The research was led by Dr. Andrew Kovalenko in Prof. Welch's laboratory. The research student at the time, Jin-Chul Kim, focused on characterizing the role of the enzyme in the epidermis. The post-doctoral researchers, Dr. Akhil Rajput and Dr. Konstantin Bogdanov, investigated the molecular mechanisms, and Dr. Tae-Bong Kang continued the research by examining the role of the enzyme in the body and examining the ways that allow it to cause cell death in certain situations, and inhibit inflammation in certain situations others. Two German scientists, Dr. Michael Kracht from the Rudolph-Buchheim Institute of Pharmacology in Giessen, and Dr. Oliver Dietrich-Breiholz from the Medical School in Hanover, assisted in the analysis of gene expression in the skin.

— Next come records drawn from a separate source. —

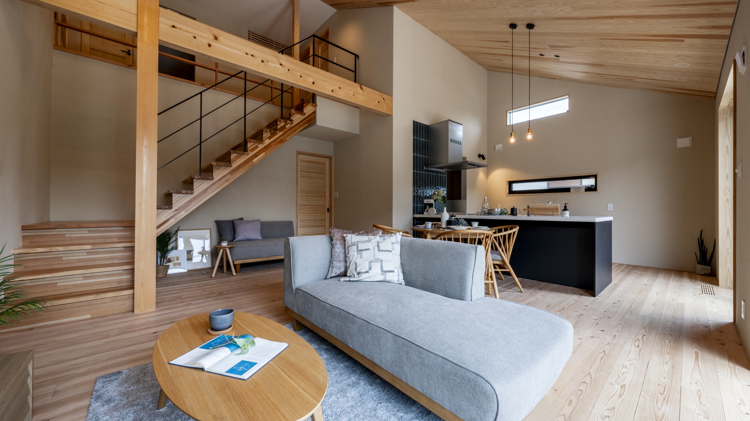 自然素材の中でも、特に“木”の手触り、足触り、醸す匂いや、触れ合った時の微かな音の響き。今そこにある建物だからこそ計算ではなく確認できる陽光の向き、風の通り道。自然素材とパッシブデザインの考え方を取り入れた設計で、一年中、昼も夜も穏やかに豊かに過ごせる空間をつくります。※パッシブデザインについては、建築状況により対応できない場合もあります。
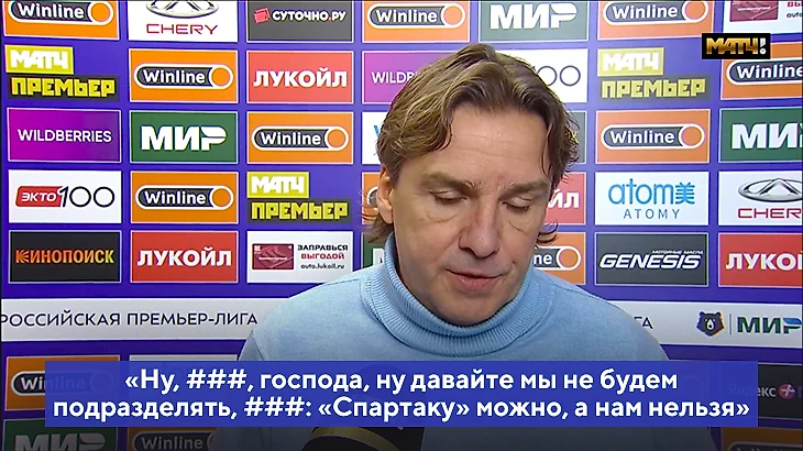 «Мне очень сложно понимать вот эти моменты, вот сейчас я посмотрел специально, мне видеооператор показал. Как такое не увидеть? Мозес, ###, бьет локтем, ну в лицо попадает. Стоит боковой судья, резервный, на ВАРе… Ну, ###, господа, ну давайте мы не будем подразделять, ###: если «Спартак» – им можно, если нам – нам нельзя. В результате чего получается вторая желтая Гоцука. Ну хватит этих уже моментов. Ну эти двойные стандарты – ну немножко уже достало.
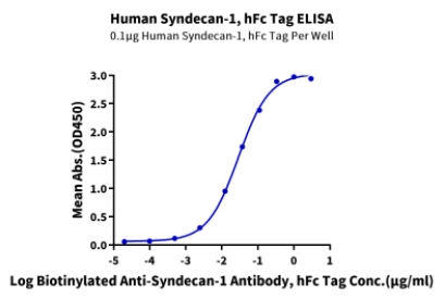 | Bio-activity : | Immobilized Human Syndecan-1, hFc Tag at 1μg/ml (100μl/Well) on the plate. Dose response curve for Biotinylated Anti-Syndecan-1 Antibody, hFc Tag with the EC50 of 28.8ng/ml determined by ELISA. |
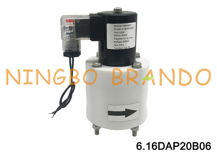 This is an anti corrosive PTFE solenoid valve, 3/4'' female threaded port size, 20mm orifice size, 2/2 way normally closed, pilot piston operated, 0.01 to 0.6 MPa working pressure, can be EPDM, FKM or PTFE seal to suit different working mediums, various voltages for your choice, such as 12VDC, 24VDC, 24VAC, 110VAC and 220VAC, etc. It is used for a wide arrange of industrial applications to control fluids.
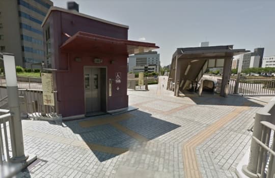 真っすぐ進んでくると「エレベーター」が見えます。そこを画像左の階段を降りてください。
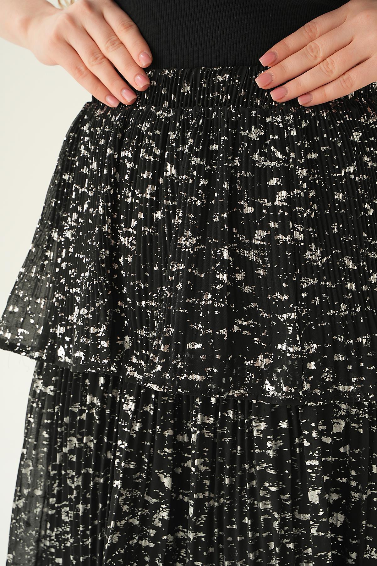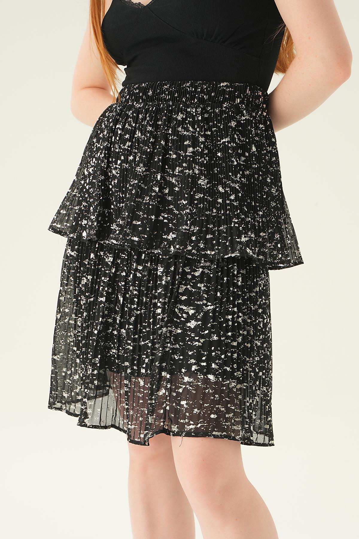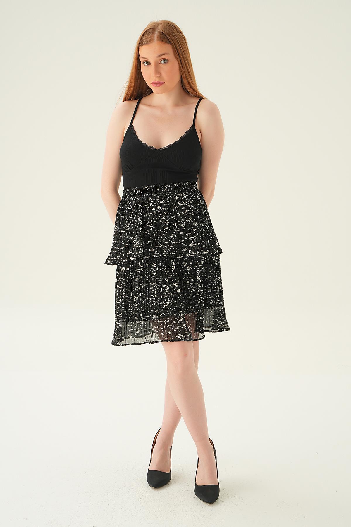 Siyah Kat Kat Detay Mini Etek 4088
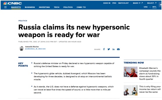 CNBC提到,俄罗斯这一新的高超音速武器能够打击美国,并且就目前情况而言,美国没有防御高超音速武器的能力。结合其速度、机动性和远程性等特征,这些高超音速武器难以被追踪、瞄准乃至击溃。该媒体称,尽管五角大楼有几个高超音速武器计划正在开发之中,但美防长埃斯珀今年8月曾表示,美国部署此类型武器还需要“几年”。

The research findings were published in The Journal of Experimental Medicine.
Uncovering the role of caspase-8 in mouse skin cells may contribute to a better understanding of human diseases involving chronic skin inflammation, such as psoriasis. The similarity between these two conditions is expressed, among other things, in that blocking the function of TNF - another protein studied in Velach's laboratory, which forms the basis of a highly successful drug against psoriasis - causes the symptoms of the skin disease to be alleviated in the transgenic mice. "In addition," says Prof. Velach, "our previous studies indicate the possibility that similar processes take place in other organs of the body. It is possible that the caspase-8 enzyme is essential for preventing inflammation, and that its abnormal activity may be related to a number of chronic inflammatory diseases."